Power cables

Electricity transfer generates losses in the form of heat. By improving the heat dissipation of power cables, substantial savings can be made. The open structure of CABLOFIL^® maximises ventilation and therefore reduces installation and operational costs.

ASSESSMENT

When an electrical current is running, the copper or aluminium cable cores heat up. The heat given off, known as the Joule effect, is caused by the resistivity of the material (its ability to resist the passage of an electric current). This resistivity increases with temperature. If confined, the heat given off will increase the ambient temperature, thereby increasing both resistivity and resistance. To enable the required current o flow, more power will have to be supplied, with more energy being wasted. The resistance R of a conductor (cable) is proportionnal to the resistivity ρ of the material, based on cross section (S) and length (L). R=ρ x L/S Power P dissipated by the Joule effect: P=R x I², where I is the current's intensity.

SOLUTIONS

- Increase the cross section of cables to reduce resistance. - Ventilate cables to reduce heating. As 90% of it's structure is open, CABLOFIL is the closest solution to running a cable in free air and, in many cases, the standards do not make a distinction between the two. the international standard IEC 60 364 offers practical advice on the cross section of the cables to be used, depending on how they are being installed.

ENERGY SAVING EVALUATIONS

The following tests were conducted at Bureau Veritas - LCIE to compare the affect on cable performance by different cable tray systems. Power cables are fed a steady current. Energy consumption is compared for different configurations. The test results show that consumption differs significantly between open and closed systems. The graph below shows how the choice of system can affect overconsumption of electricity (by as much as 37%)
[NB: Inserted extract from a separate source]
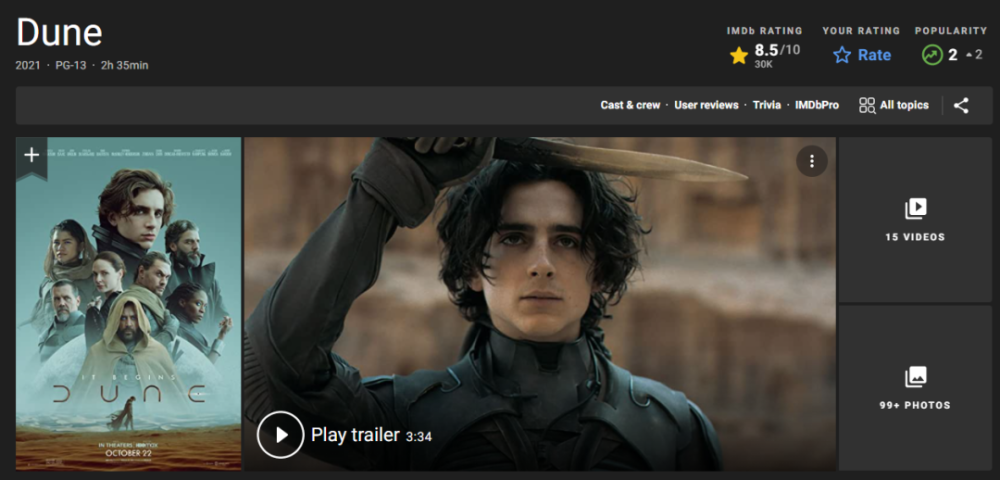 “Dune” also got a high score of 8.5 from more than 50,000 viewers on IMDB, which has a very demanding score.

In spite of the electrical protection equipment of the network, energy transfer will always present risks to people and property.
CABLOFIL® is able to manage these risks with its high performance cable supports.

SHORT CIRCUITS

A short circuit occurs when a connection is accidentally established between two points in an electric circuit at different voltages. It presents a risk to both property and people. Depending on where it occurs, very large currents may be generated, which will often result in a fire. The main causes of short circuits are as follows: - Damage to insulating materials as a result of wear and tear or mechanical impact - Broken conductors - Conducting elements falling onto or otherwise coming into contact with the circuit

SHORT CIRCUITS TESTS

Test were performed at a recognized independent laboratory (DAMSTRA) and in accordance to standard EN 50 368 (2003) in order to validate CABLOFIL's mechanical resistance to the stress generated by a short circuit. An initial short circuit is generated during the tests, creating mutual electromagnetic repulsion between the power cables. The cable tray is then subjected to substantial mechanical stress for a very short time (approx. one second). The process is repeated in order to show that CABLOFIL is structurally intact and able to cope with another short circuit. As a final measure, additional tests are performed in a damp environment to check whether the cables are fully intact.
The various tests are run with 3 successive levels of short-circuit current: - 70 kA, equivalent to a repulsive force of 1300 daN - 100 kA, equivalent to a repulsive force of 2700 daN - 130 kA, equivalent to a repulsive force of 4500 daN

Material used: 3 m of CF105/450 coupling 1/5th of the way along the span, 5 fast couplers and a support span of 1.5 metres.
System configuration: 3 single conductors power cables, 38 mm in diameter, are attached every 600 mm using cleats.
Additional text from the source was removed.